It was quiet in Hebron before the army decided to evacuate the "House of Domination," the elders of the settlements lamented last week, as if they had managed after generations of efforts to set the rules of the game and a ceiling for protection money. Everything was so wonderful, the Arabs knew their place, the torched vegetable stand knew what crime it had committed and the soldiers knew whose orders were supreme. Now the leftist High Court comes along with the damned police and they mess it all up.

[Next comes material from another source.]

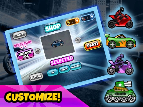 • Unlock and master stunts. Wow the crowd, charge your boost and make your competition drool.

And the government? It is behaving as if nothing has changed since 1968 - it treats the Yesha leadership as if it were the Jewish leadership of the ghetto, as a kind of spiritual authority. It is best not to upset that authority, so the government won't be accused of anti-Semitism. Thus the state is negotiating not only with those who admit to having lost control, but with those who, from the start, should not have been given control, with those for whom the law and High Court rulings are merely an opening gambit. Is this not the same "leadership" that bone-shatteringly dislocated the government's shoulders when it established the wildcat settlements? When it planted illegal outposts and burned fruit stands?

And now, this is no longer simply a "leadership" with heads of communities, or even organizational heads. This is ostensibly the "authority" to which the government of Israel turns, as if to a fellow government, with a request to arrange a few legal matters. Almost in the same way the government of Israel approaches the Palestinian Authority so the latter will fight terror, or how it indirectly approaches Hamas, to enforce its authority on members of other factions who fire Qassam rockets into Israel. For this, the settler establishment has to thank the third generation of the thugs of Hebron, who make it seem like a sane leadership, serious and responsible, whose sins have been turned as white as snow; who invite us to forget the searing memory of the way in which the messiah of settlement appeared.

The government of the settlers is now looking respectable, compared to the bandits of the House of Domination, making us long for the obedient hilltop youth; another "authority" within the abundance of authorities operating in the territories, of which the government is not even the first among equals.